Records from a collection:
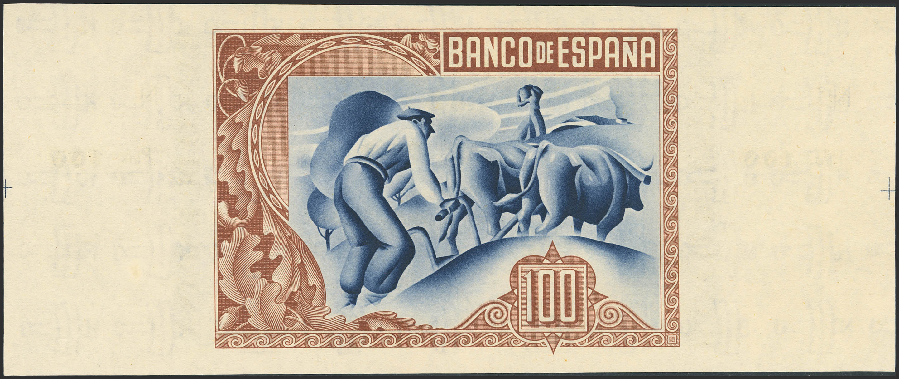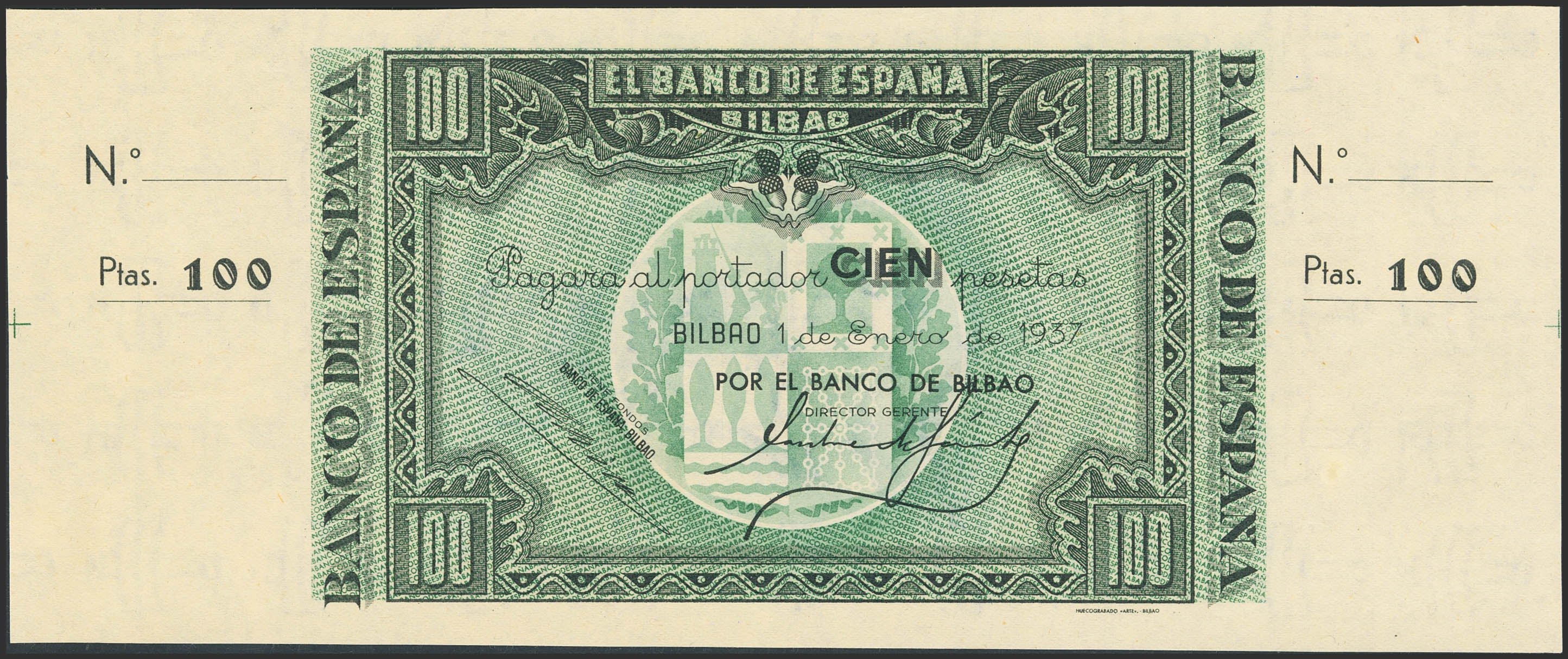 100 Pesetas. 1 de Enero de 1937. Sucursal de Bilbao, antefirma Banco de Bilbao. Sin serie y sin numeración, con ambas matrices. (Edifil 2023: 390a). Apresto original. SC-.
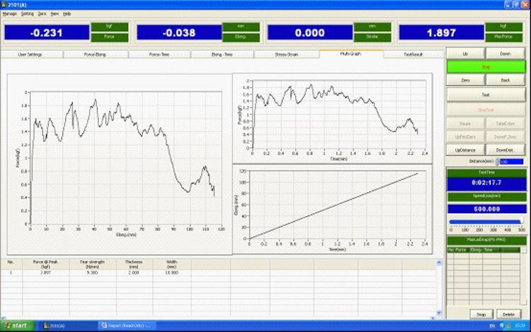 Adopted photoelectric encoder to measure the displacement, the controller uses the embedded single-chip microcomputer structure with multi-function software, which combined with measurement, control, calculation and storage. It can automatically calculate the stress, rate of elongation (need to add with extensometers), tensile strength, elastic modulus, automated statistical results; automatically records the biggest point, breaking point, the designated point value or the rate of elongation; Using computer to display the dynamic curves in the testing process and process the data, After testing, it can re-analysis and editing the data by amplifying the curves through the graphics processing module, printing reports, product performance reached the international advanced level.
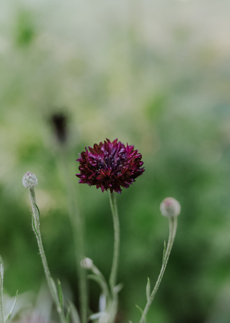 A enchanting and unique cornflower with dense and double flowers in a dark purple color. It is loved by all our pollinators and is a classic variety with a new and modern twist. The plant has a low and compact growth habit that is excellent for edging borders, planting boxes, and pots. Black ball is incredibly beautiful and magnificent in bouquets as freshly picked, but also as dried flowers. The striking and unique color makes this variety stand out and excel in wreaths, flower arrangements, and bouquets.
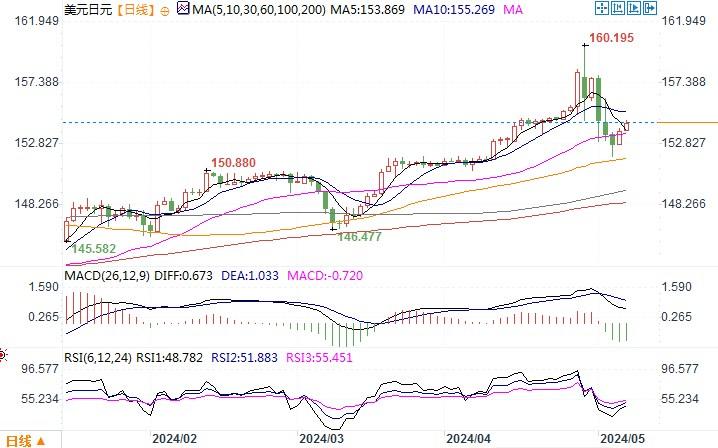 周一(5月6日),美元兑大多数货币连续第四个交易日下跌,而兑日元则在日本央行干预产生大幅回落之后出现空头回补性升高,当日美元/日元上涨0.61%,收盘于153.88。最近的美国劳动力市场数据和美联储官员的发言提振了降息希望。美联储主席鲍威尔上周三称加息仍不太可能,其他美联储官员周一也表示了同样的看法。纽约联储总裁威廉姆斯表示,美联储“最终”会降息,但他并未给出时间框架。里奇蒙联储总裁巴尔金表示,目前的指标利率水平应该能够为经济降温,从而推动通胀回到2%的目标水平。接下来,只要美国经济数据表现不那么强劲,且美联储其他官员不反驳鲍威尔不加息的观点,恐怕美元指数将会有进一步下滑的空间。上周日本央行实施大力干预,将日元从低点暂时脱离了出来。但是只要美联储没开始降息,而日元又仅保持在零利率水平,那么日元要想彻底扭转跌势似乎难度较高。日线图上,美元/日元短线在152附近获支撑进行着空头回补的回升之中,但整体仍受压于布林带通道中轨线之下,干预所形成的下降压力仍存。美元/日元是否会重拾升势,上方的关键看155能不能重新被冲破,若破位则有望继续向上探测。若短线的空头回补性回升遇阻于155附近,后市恐怕在忌惮干预的心理影响之下,美元/日元预料会产生进一步的回落行情。
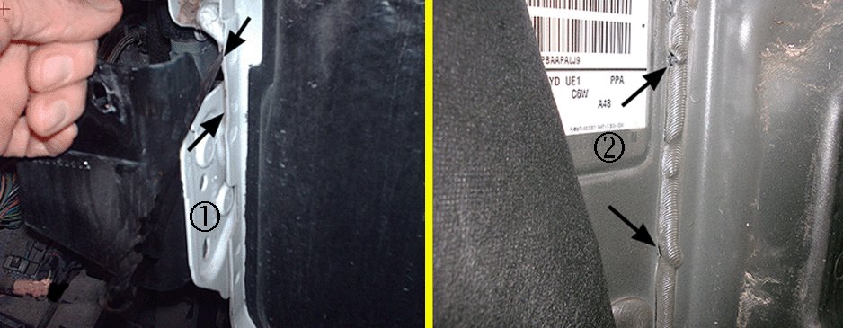 The water leak may be due to a lack of sealer (or voids in the sealer) at the seams of the front cowl area and front of dash (FOD), behind the left front fender. The above graphic shows two examples of seams missing sealer. (The position of seams 1 and 2, in relationship to each other, is shown clearer in the graphic below).
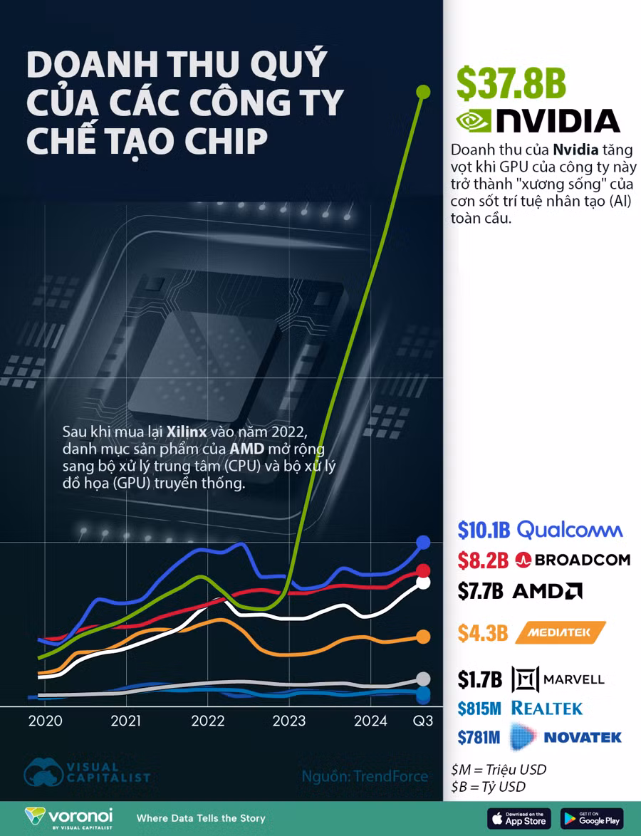 Đồ thị thông tin dưới đây thể hiện doanh thu quý của các công ty chế tạo chip hàng đầu thế giới, dựa trên số liệu tổng hợp từ công ty nghiên cứu thị trường TrendForce.
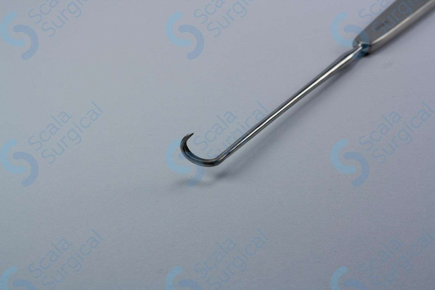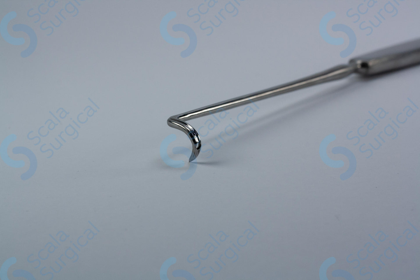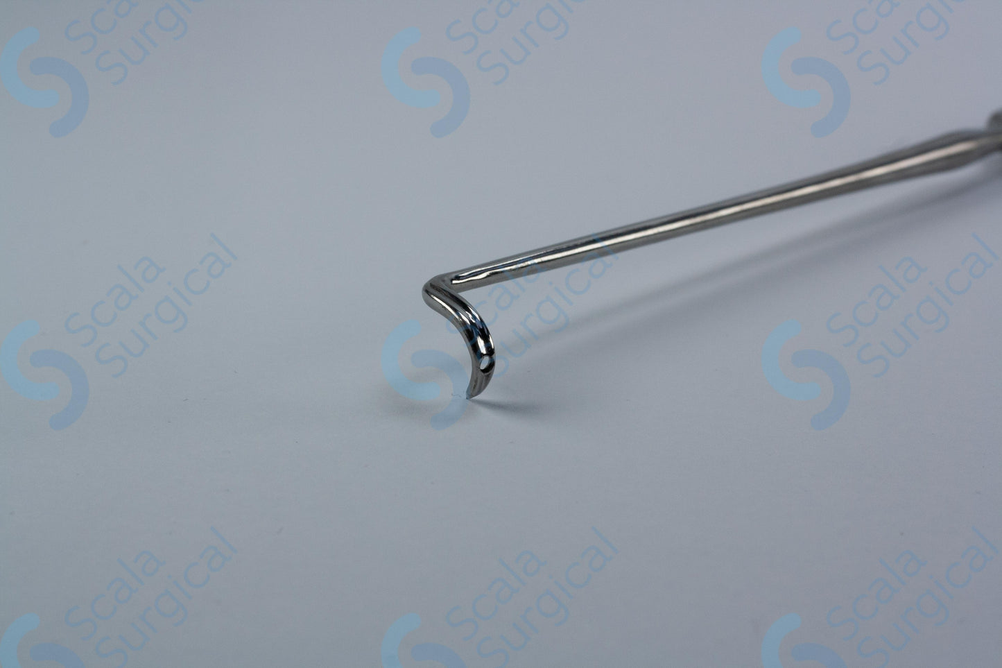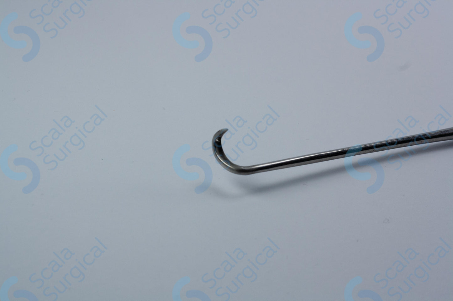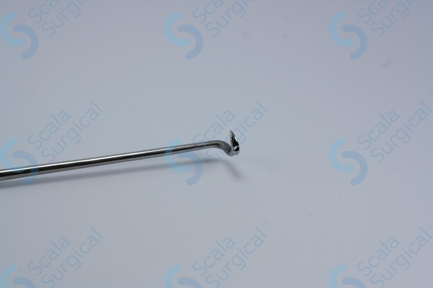 This is a surgical tool used to treat aneurysms. It is a curved needle with a length of 8? inches that is used to access the aneurysm and administer treatment.
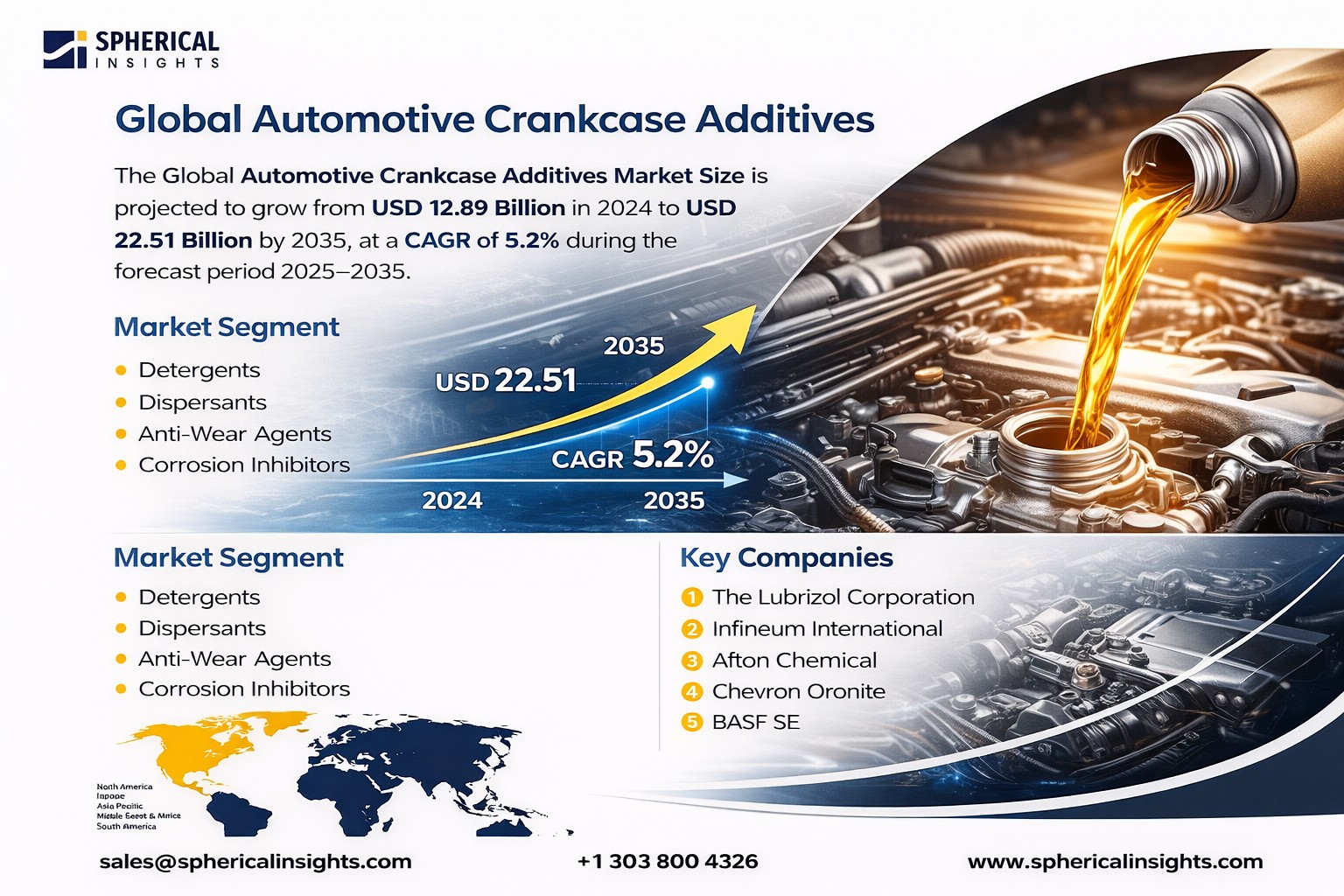 According to a research report published by Spherical Insights & Consulting, the Global Automotive Crankcase Additives Market Size is projected to grow from USD 12.89 Billion in 2024 to USD 22.51 Billion by 2035, at a CAGR of 5.2% during the forecast period 2025–2035. Global market expansion is fuelled by strict environmental regulations demanding high-performance lubricants and the continuous expansion of the worldwide automotive manufacturing industry.

TASK DIRECTIONS:
Reproduce each line of the records exactly, and omit every picture.

TASK SOLUTION:
 100 Pesetas. 1 de Enero de 1937. Sucursal de Bilbao, antefirma Banco de Bilbao. Sin serie y sin numeración, con ambas matrices. (Edifil 2023: 390a). Apresto original. SC-.
 Adopted photoelectric encoder to measure the displacement, the controller uses the embedded single-chip microcomputer structure with multi-function software, which combined with measurement, control, calculation and storage. It can automatically calculate the stress, rate of elongation (need to add with extensometers), tensile strength, elastic modulus, automated statistical results; automatically records the biggest point, breaking point, the designated point value or the rate of elongation; Using computer to display the dynamic curves in the testing process and process the data, After testing, it can re-analysis and editing the data by amplifying the curves through the graphics processing module, printing reports, product performance reached the international advanced level.
 A enchanting and unique cornflower with dense and double flowers in a dark purple color. It is loved by all our pollinators and is a classic variety with a new and modern twist. The plant has a low and compact growth habit that is excellent for edging borders, planting boxes, and pots. Black ball is incredibly beautiful and magnificent in bouquets as freshly picked, but also as dried flowers. The striking and unique color makes this variety stand out and excel in wreaths, flower arrangements, and bouquets.
 周一(5月6日),美元兑大多数货币连续第四个交易日下跌,而兑日元则在日本央行干预产生大幅回落之后出现空头回补性升高,当日美元/日元上涨0.61%,收盘于153.88。最近的美国劳动力市场数据和美联储官员的发言提振了降息希望。美联储主席鲍威尔上周三称加息仍不太可能,其他美联储官员周一也表示了同样的看法。纽约联储总裁威廉姆斯表示,美联储“最终”会降息,但他并未给出时间框架。里奇蒙联储总裁巴尔金表示,目前的指标利率水平应该能够为经济降温,从而推动通胀回到2%的目标水平。接下来,只要美国经济数据表现不那么强劲,且美联储其他官员不反驳鲍威尔不加息的观点,恐怕美元指数将会有进一步下滑的空间。上周日本央行实施大力干预,将日元从低点暂时脱离了出来。但是只要美联储没开始降息,而日元又仅保持在零利率水平,那么日元要想彻底扭转跌势似乎难度较高。日线图上,美元/日元短线在152附近获支撑进行着空头回补的回升之中,但整体仍受压于布林带通道中轨线之下,干预所形成的下降压力仍存。美元/日元是否会重拾升势,上方的关键看155能不能重新被冲破,若破位则有望继续向上探测。若短线的空头回补性回升遇阻于155附近,后市恐怕在忌惮干预的心理影响之下,美元/日元预料会产生进一步的回落行情。
 The water leak may be due to a lack of sealer (or voids in the sealer) at the seams of the front cowl area and front of dash (FOD), behind the left front fender. The above graphic shows two examples of seams missing sealer. (The position of seams 1 and 2, in relationship to each other, is shown clearer in the graphic below).
 Đồ thị thông tin dưới đây thể hiện doanh thu quý của các công ty chế tạo chip hàng đầu thế giới, dựa trên số liệu tổng hợp từ công ty nghiên cứu thị trường TrendForce.
 This is a surgical tool used to treat aneurysms. It is a curved needle with a length of 8? inches that is used to access the aneurysm and administer treatment.
 According to a research report published by Spherical Insights & Consulting, the Global Automotive Crankcase Additives Market Size is projected to grow from USD 12.89 Billion in 2024 to USD 22.51 Billion by 2035, at a CAGR of 5.2% during the forecast period 2025–2035. Global market expansion is fuelled by strict environmental regulations demanding high-performance lubricants and the continuous expansion of the worldwide automotive manufacturing industry.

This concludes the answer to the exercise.